Whether investing in a bank deposit account, an investment platform or an international life insurance product, investors also benefit from the jurisdiction’s beneficial tax status. This means their investment returns are not necessarily encumbered by the tax regime of either their home country or the country where they are ‘tax resident’. One under-utilised fiscal tool is the portfolio bond, where bankers wrap existing and new investment portfolios in a life insurance policy to improve the customer’s tax outcome in their home country.

Offshore banking and investing offers access to a wide range of currencies in which accounts can be denominated. This makes it easier to move money within and between accounts, and to invest in securities denominated in other currencies, with minimal administration and at low cost. This can also be beneficial for those with financial commitments in more than one country or currency.

As an investor, if you decide to keep your money in an offshore bank based in a well-regulated jurisdiction—such as the IoM—you will enjoy a level of investor protection which means you can rest assured that your capital is secure to a certain extent. As mentioned previously, financial services companies based in offshore jurisdictions like the IoM are highly regulated and transparent, adding an extra level of security and peace of mind for customers’ accounts. You only have to think about what has happened in Greece in recent years, with people unable to withdraw even small amounts of cash from their own accounts, to see the benefits to customers of keeping at least some of their wealth offshore.

Isle of Man life insurers offer a greater level of protection to investors, in the event a life company is unable to meet its liabilities. A total of 90 per cent of any investment is protected and will be paid to investors in the event a life company fails. The scheme operates globally, providing protection to policyholders no matter where they reside.

Offshore banks are aware of the importance of offering an around-theclock service to clients in various time zones around the world. With this in mind, they invest heavily in technology to provide their customers with 24/7 access to their accounts, 365 days a year through online banking platforms.

These services are also highly personalised, which results in an outstanding level of customer service. The superior level of service offered by these banks is especially important for expatriates with international financial obligations, and their automated systems mean customers can take advantage of investment opportunities as and when they arise. And of course, for internationally mobile expatriates, being able to maintain an account in a single offshore jurisdiction, regardless of how many times they relocate, can prove very beneficial.

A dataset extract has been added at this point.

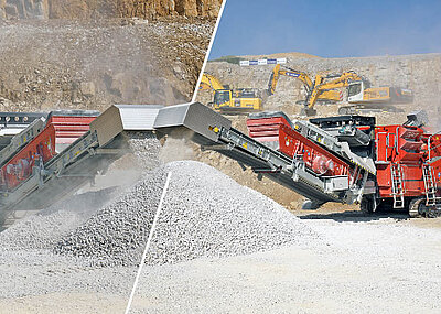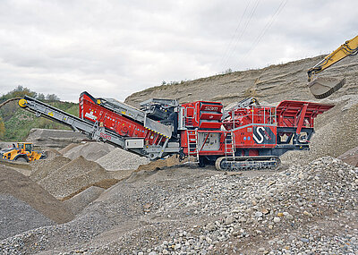 Das gewaschene Zwischenkorn 8/50 durchläuft die beiden hintereinander aufgereihten SBM- Produktionssiebmaschinen »KQ 15/740/2,5« (2,5-Deck) und den Eindecker »KQ 15/40/1«, die alle restlichen Endkörnungen 8/16, 16/22, 22/32 sowie 32/45 herstellen. Anfallende Überschusskörnungen oder Nachbrech-Chargen zur kurzfristigen Bedarfsdeckung kleinerer Fraktionen können über ein Rückführband zum Tertiärbrecher »SMR 10/5/4« (0/50; bis 80 t/h) geleitet werden. Auch die kleinere SBM-»Sandmühle« produziert hochwertige Sande und Splitte, gewährleistet niedrige Betriebskosten und ist damit eine echte Alternative zu zweistufigen Nachbrechkombinationen aus Kegel- bzw. Kreiselbrechern mit nachgeschalteten Vertikal-Prallbrechern. Bei einer Produktionsleistung der Anlage von rund 280 t/h werden alle Endprodukte über weit auskragende Haldenbänder auf Lieferhalden mit einem Gesamtvolumen von rund 10 000 t in unmittelbarer Nähe zur Anlage gelagert und dort auf eigene oder Kundenfahrzeuge verladen.
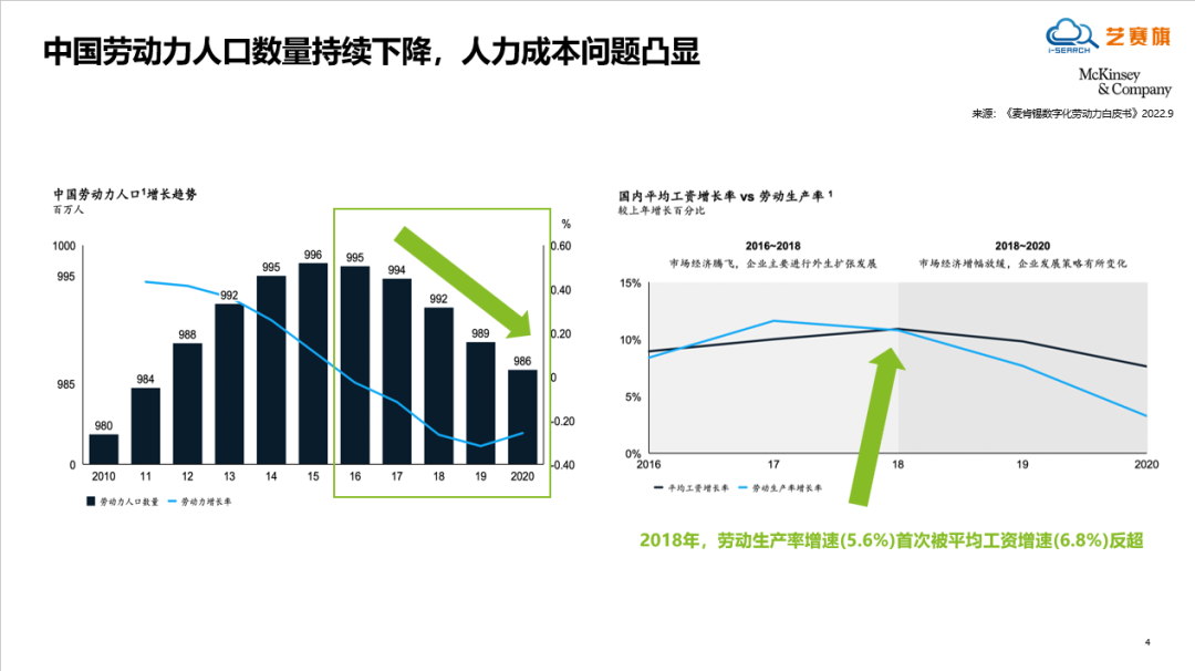李(li)博首先為我們介紹了數(shu)字員工的(de)概念及(ji)應(ying)用趨勢(shi)(shi):根據(ju)《麥肯錫(xi)數(shu)字化勞動力(li)白皮(pi)書》的(de)報告,自(zi)2016年(nian)起,中國人口增(zeng)(zeng)長趨勢(shi)(shi)已連續五年(nian)呈現嚴峻的(de)下降態(tai)勢(shi)(shi),同時,自(zi)2018年(nian)起,中國勞動生產力(li)的(de)增(zeng)(zeng)速首次(ci)被(bei)平均工資的(de)增(zeng)(zeng)速超(chao)過,這意(yi)味(wei)著(zhu)人力(li)成本(ben)問題愈(yu)發突出(chu)。在這一(yi)背景下企業將(jiang)需(xu)要采取(qu)創新的(de)方式來應(ying)對(dui)這些挑戰(zhan),自(zi)動化技術(shu)被(bei)視為有效的(de)解決方案之一(yi)。

Offshore centres are ideal locations for restructuring ownership of assets. Individual wealth can be transferred to trusts or to an existing offshore company. This is particularly useful for individuals who can transfer some or all of their assets from their personal estates to an entity that holds it outside of their home country, meaning their assets are ring-fenced.

Many offshore jurisdictions have the complementary benefit of privacy legislation and have enacted laws for strict corporate and banking confidentiality. There are serious consequences if these laws are breached, for example if a bank were to disclose a customer’s identity. This confidentiality could be vital for big name investors, if they are buying a large number of shares in a listed company for example. Having their identity protected can offer them a significant financial advantage. They can keep the public at large in the dark about what they are investing in, rather than have the stock price increase due to lots of people jumping on their bandwagon. Despite the mystique surrounding offshore banking and investment it does fulfil a useful purpose and it isn’t deserving of the poor reputation it has suffered in recent years.

Do not overlook the suitability of an offshore account for yourself or your customers. In addition to the better-known tax advantages of offshore accounts, there are many other tangible benefits to investing and banking offshore, especially for the expatriate market.